The NIS2 Directive Explained: What SaaS and eCommerce Businesses Actually Need to Do

Remember in my last post about the [EU Cyber Resilience Act](eu-cyber-resilience-act-what-it-means-for-your-business) where I mentioned that pure SaaS products don't fall under the CRA? That they fall under a different regulation instead? Well, that different regulation is the NIS2 Directive. And honestly, for a lot of SaaS and ecommerce businesses, NIS2 might be the one that actually matters more. The NIS2 Directive (officially Directive EU 2022/2555) is Europe's overhauled cybersecurity law for critical infrastructure and digital services. It replaced the original NIS Directive in October 2024, and it massively expanded who's covered. We're talking 18 sectors, an estimated 160,000 plus entities across the EU, and fines of up to 10 million euros or 2% of global annual turnover. If you're running a cloud based SaaS platform, operating an online marketplace, providing managed IT services, or even just running digital infrastructure that other businesses depend on, NIS2 very likely applies to you. Even if you're based outside the EU but serve EU customers. Let me break down what this means in practical terms, who needs to worry, and what you should be doing right now.
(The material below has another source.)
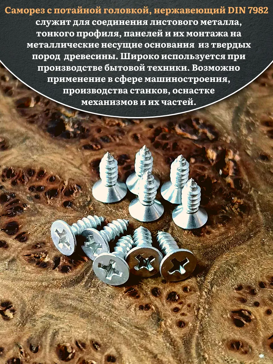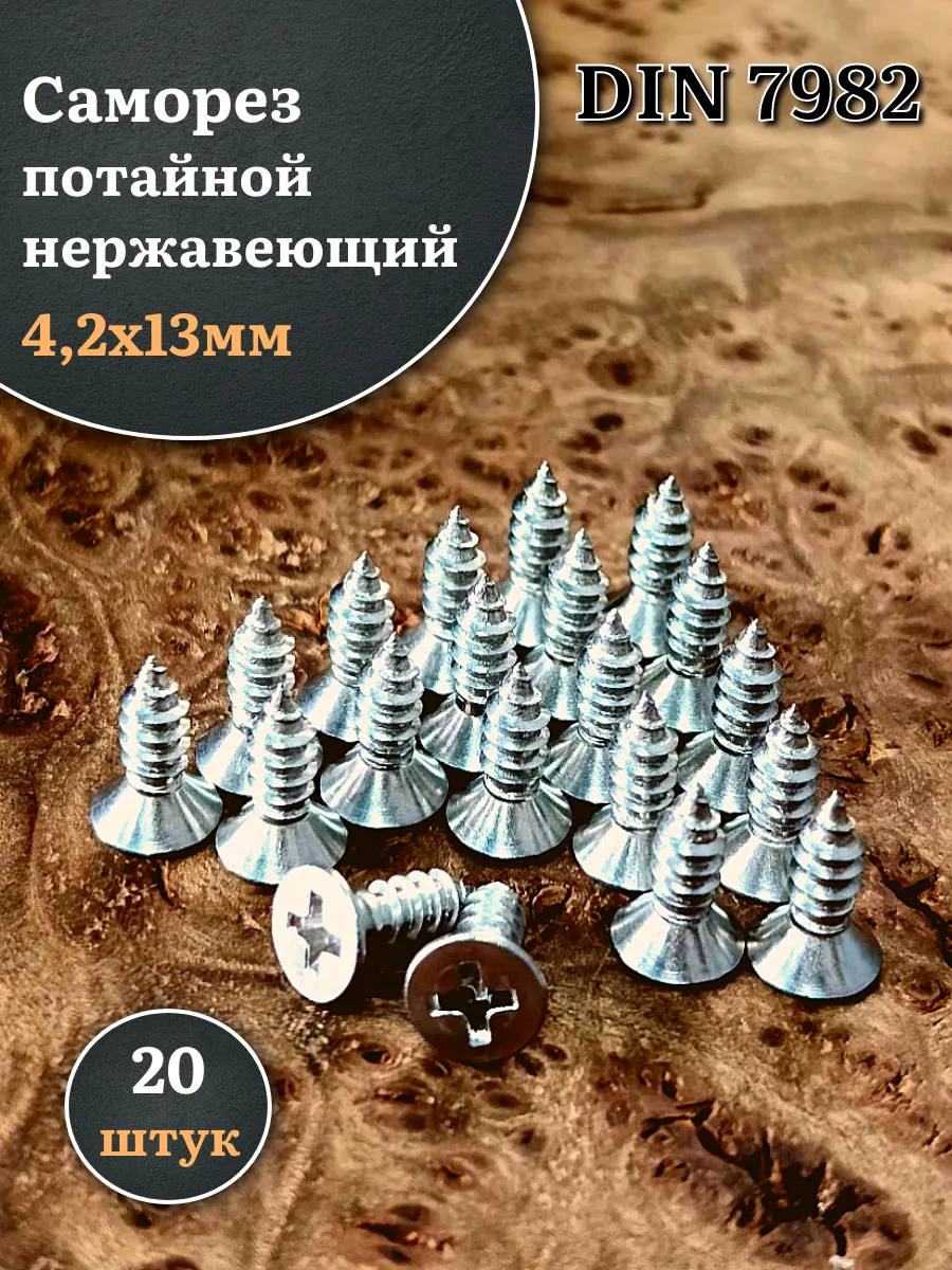 Саморез потайной нержавеющий 4,2х13 РН DIN7982 , 20 шт.
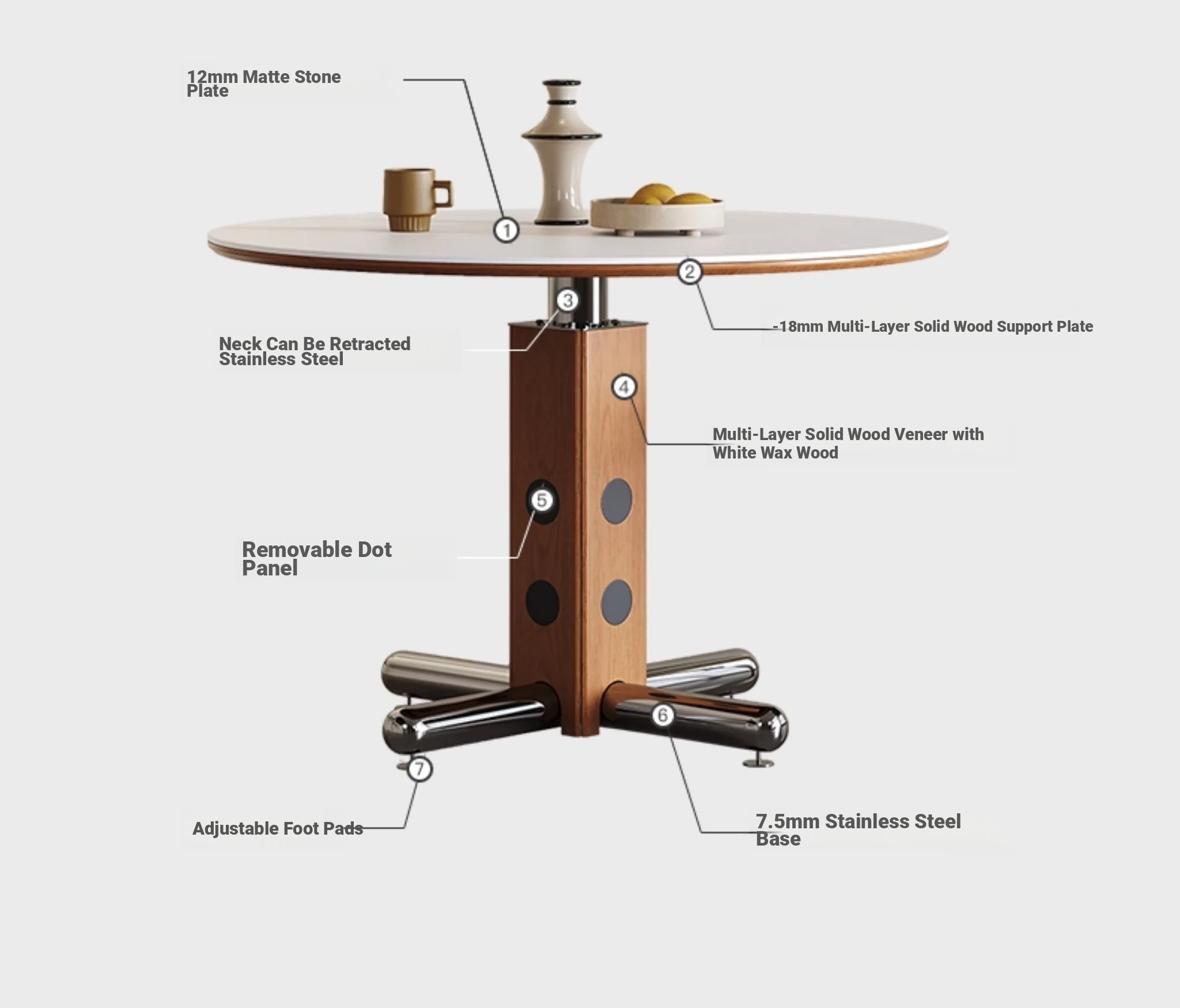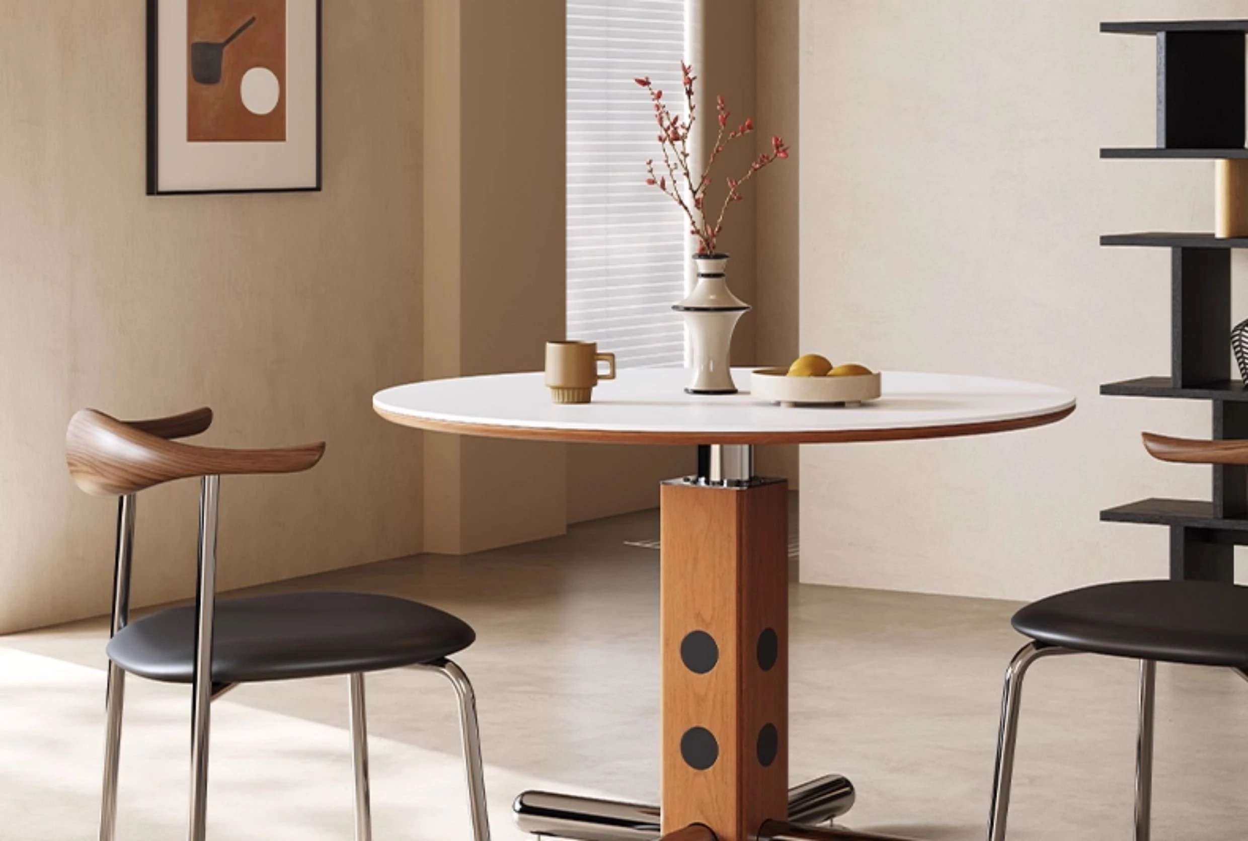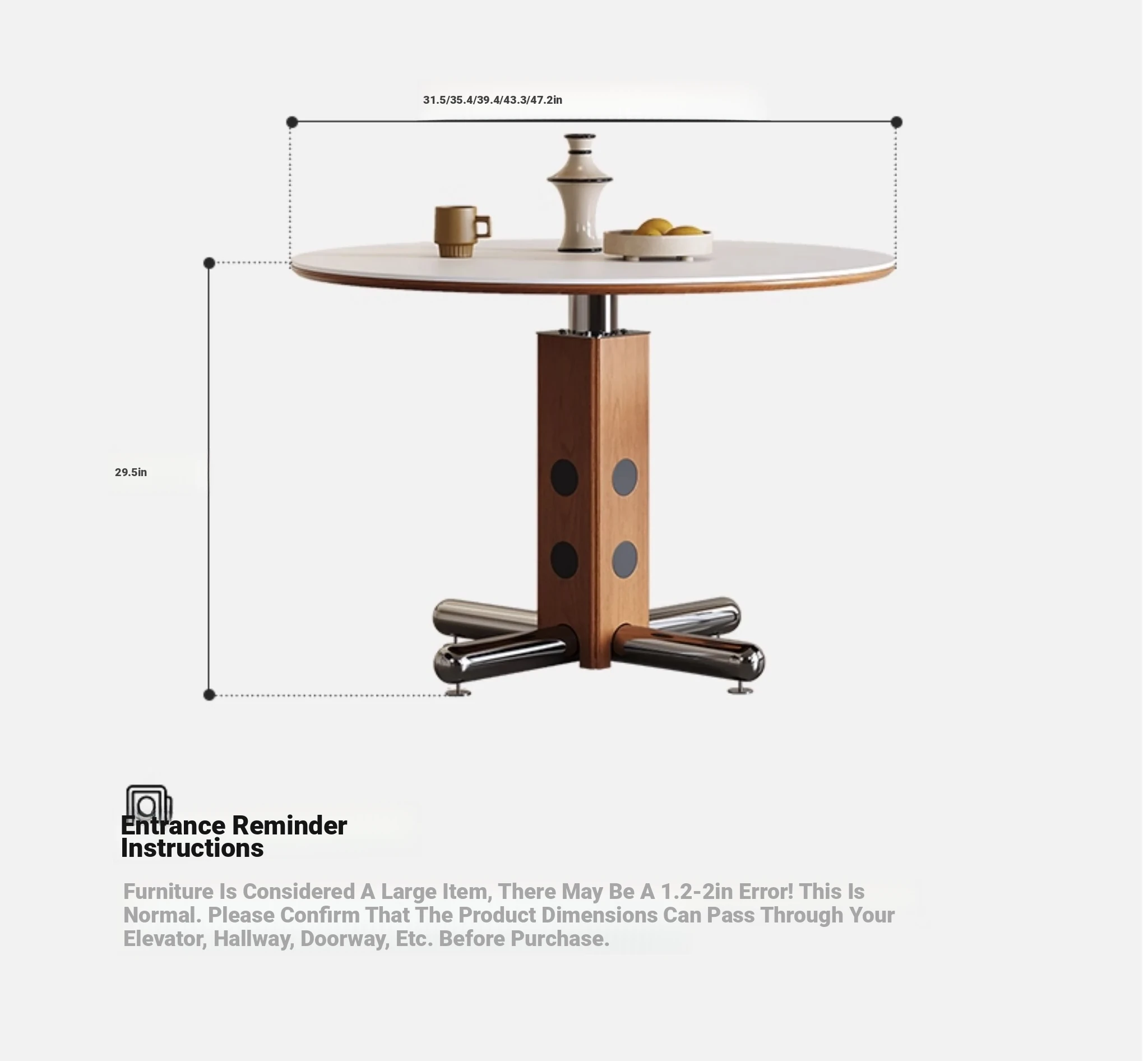 Melolat Italian Vintage Round Dining Table - Retro Stainless Steel Scandinavian Bauhaus Design with Solid Wood Top for Stylish Conversations

What Is the NIS2 Directive and How Is It Different from the CRA?

Let me clear up the confusion straight away, because the alphabet soup of EU regulations is enough to make anyone's head spin.

The Cyber Resilience Act (CRA) applies to products with digital elements, meaning things you sell, distribute, or ship to users. Think hardware, downloadable software, apps, plugins. If you make a product and put it on the EU market, CRA is your regulation.

The NIS2 Directive applies to services, specifically to entities that provide essential or important services in the EU. Think cloud platforms, SaaS providers, online marketplaces, managed service providers, and digital infrastructure operators. If you run a service that other people or businesses depend on, NIS2 is your regulation.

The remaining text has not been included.